Последние слова она почти прокричала, и доктор Сяо, не удержавшись, покачал головой. Он знал, что эта история принесет дочери много горя. Но пророчество оставалось пророчеством, и все еще можно было спасти…
– Она и не могла знать о ней. Мы не жили тогда уже вместе. От меня ей в ту пору нужны были только деньги.
– Вы не жили вместе… – повторила Цзяоцин, точно не веря ему.
– Да. Она ушла от нас, бросила семью – не только меня, но и нашего сына. Светлана только по документам считалась моей женой.

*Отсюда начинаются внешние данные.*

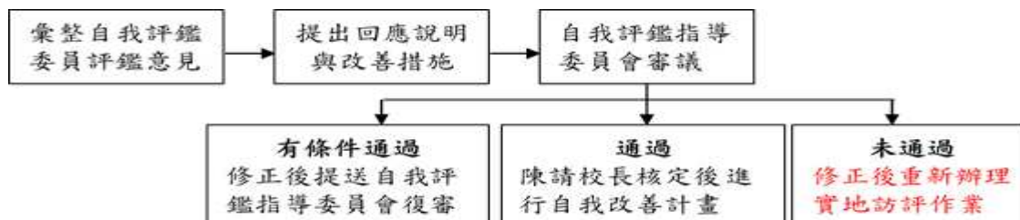
圖 3 本校校務自我評鑑認可結果與處理方式說明

針對自我評鑑委員提出之評鑑意見，本校校務評鑑執行委員會及自我評鑑工作小組先行提出回應說明與具體改善措施，補充相關資料並修正報告書後，將自我評鑑報告書（修正稿）提送自我評鑑指導委員會審議並確認自我評鑑結果。自我評鑑認可結果分為「通過」、「有條件通過」及「未通過」三種結果，三種認可結果之處理方式如圖 3。

Прошлое опять накрыло Антона волной тревоги. Он вспомнил свое невыносимое одиночество, горечь разочарования в женщине, которую когда-то так любил, а пуще всего – острую жалость к сыну, брошенному матерью. И внезапно на него нахлынули мысли о Костике. Он как будто воочию увидел его перед собой, впервые со страшного дня катастрофы: худенький светловолосый малыш, сбитые коленки вечно в зеленке, любопытные глаза, неожиданные вопросы обо всем на свете…
И громко, уверенно, не обращаясь ни к кому в этой комнате, Антон произнес:
– У меня в Москве остался сын. Ему сейчас, наверное, уже лет десять… Он рос на моих руках. Я очень беспокоился о нем, когда отправлялся в Китай.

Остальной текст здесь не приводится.